According to Letley, credit scores, calculated by registered bureaus, play a central role in this process. Consumers are entitled to one free credit report each year, a provision designed to improve transparency and help borrowers better understand their financial standing.
The regulatory framework governing lending in South Africa is set out in the National Credit Act, which requires lenders to conduct affordability assessments before granting credit. Applicants must provide proof of identity, residence, and income, while lenders are обязed to assess existing debt levels and spending patterns.
Despite these protections, national data shows that many consumers remain financially vulnerable. According to the National Credit Regulator, its latest Consumer Credit Market Report indicates that more than 40% of credit-active consumers are classified as having impaired credit records, meaning they are behind on repayments or have adverse listings. The report also shows that unsecured credit, including personal loans, remains one of the fastest-growing segments of the market, even as default risks increase in a weak economic environment.
This trend is unfolding against the backdrop of rising borrowing costs. Interest rates have remained elevated following successive hikes by the South African Reserve Bank in recent years, aimed at curbing inflation. Higher rates translate directly into more expensive debt, increasing monthly repayments for consumers and raising the total cost of credit over time.
The length of a loan term is another critical factor. Longer repayment periods may reduce monthly instalments, making loans appear more affordable in the short term, but significantly increase the total interest paid. Shorter terms, while more demanding on a monthly basis, reduce overall borrowing costs.
Letley says consumers should carefully assess affordability before taking on new debt, particularly in an environment where expenses are rising faster than incomes.
Affordability, he notes, should include a buffer for potential interest rate increases and ensure that essential costs such as housing, food, and transport can still be met. Borrowers also need to consider the full cost of credit, including initiation fees, monthly service charges, and credit life insurance, rather than focusing only on the headline interest rate.
Equally important is verifying the legitimacy of the lender. Consumers are urged to ensure that credit providers are registered and to be wary of requests for upfront fees or pressure to sign agreements without adequate review.

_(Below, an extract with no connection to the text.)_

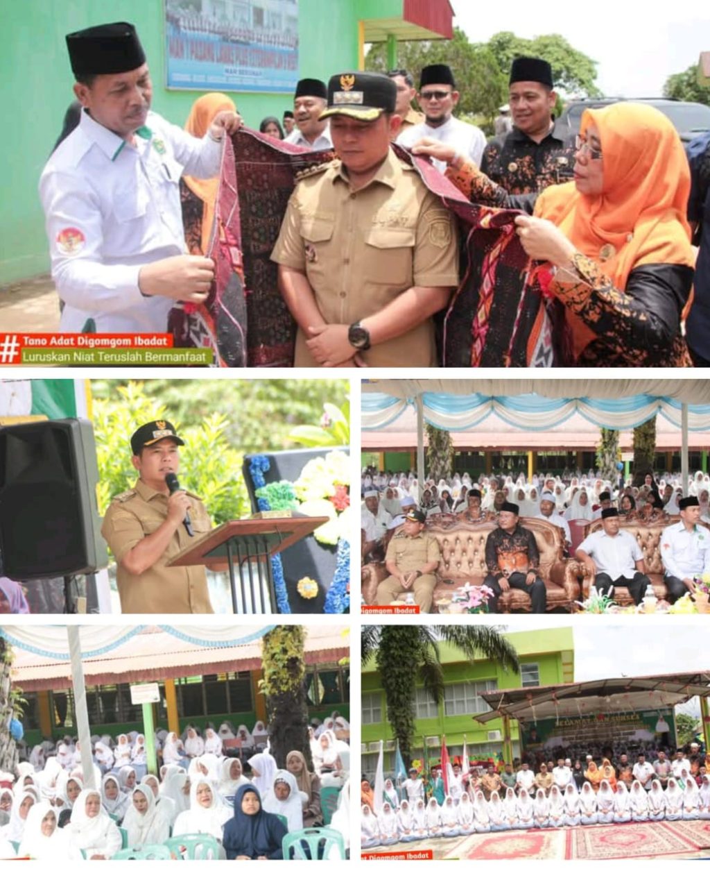 Kehadiran Bupati disambut baik oleh para dewan guru dan siswa-siswi MAN I Palas dengan memasangian Ulos sebagai simbol kasih sayang dan kecintaan kepada Putra Mahkota Alam Hasibuan.
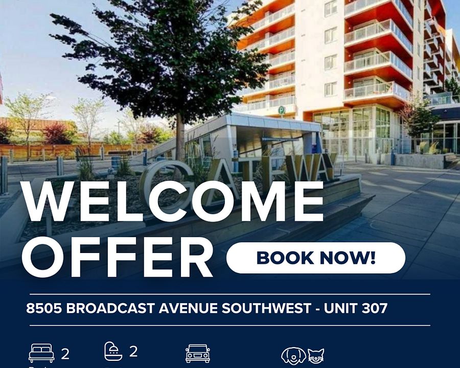 Modern 2 Beds, 2 Baths Apartment/Condo | 2 Pets Allowed No Weight Limit | Monthly Rent for 12 Month Term Includes Welcome Offer Welcome to your new home at 8505 Broadcast Avenue Southwest - Unit 307 - 307 a modern and well-maintained 2 beds / 2 baths / Apartment/Condo offering comfort, space, and convenience. Ideally located close to shopping, schools, parks, and transit. SHOWINGS: Conducted in an open-house format book your appointment today! Prices, availability, and promotions are subject to change without notice. PROPERTY DETAILS: - Furnished or Unfurnished: Unfurnished - Pets: 2 Pets Allowed No Weight Limit. $50 Monthly Fee - Smoking: Non- Smoking - Parking: Underground - Storage Included: Yes - Laundry: - Management Type: Full Management - Lease Term: Long Term UNIT FEATURES: - Living Space:Open-concept living room layout, perfect for relaxing or entertaining - Kitchen: Sleek and modern kitchen with all appliances for a contemporary look with plenty cabinet storage to keep everything organized - Dining Space: Open-concept design flowing into the living space, perfect for entertaining - Bedrooms: 2 Bedrooms featuring ample storage for clothing and accessories - Window Coverings: Includes window coverings for privacy and light control UTILITIES: - Utilities Included: Heat, Water Here's a helpful tool you can use to get a rough estimate of utility costs. LOCATION HIGHLIGHTS: - Outdoor Living: Nearby Parks, Pathways, Greenspaces - Transit & Access: Transit Lines / Major Roads Nearby - Family Friendly: Close to Schools, Childcare, Rec Centres - Local Conveniences: Groceries, Shops, Restaurants, Services Nearby Don't wait properties like this don't last long. Welcome Offer: The listed rent already includes a special savings equal to one month's rent, spread evenly across your 12-month lease. Available on new 12-month leases only.

Flexibility in repayment, including the option to settle a loan early, can also have a significant impact on overall costs, although some agreements may include early termination fees.
“While the NCA makes the lender responsible for checking whether the applicant can afford the loan, it relies on the information that is provided. That’s why it’s important to be honest about your income and expenses. If a loan is approved because you’ve under-reported your expenses, it will add to your financial pressures. If you then can’t afford the repayments, it will negatively affect your credit score, which could limit your ability to borrow in the future,” says Letley.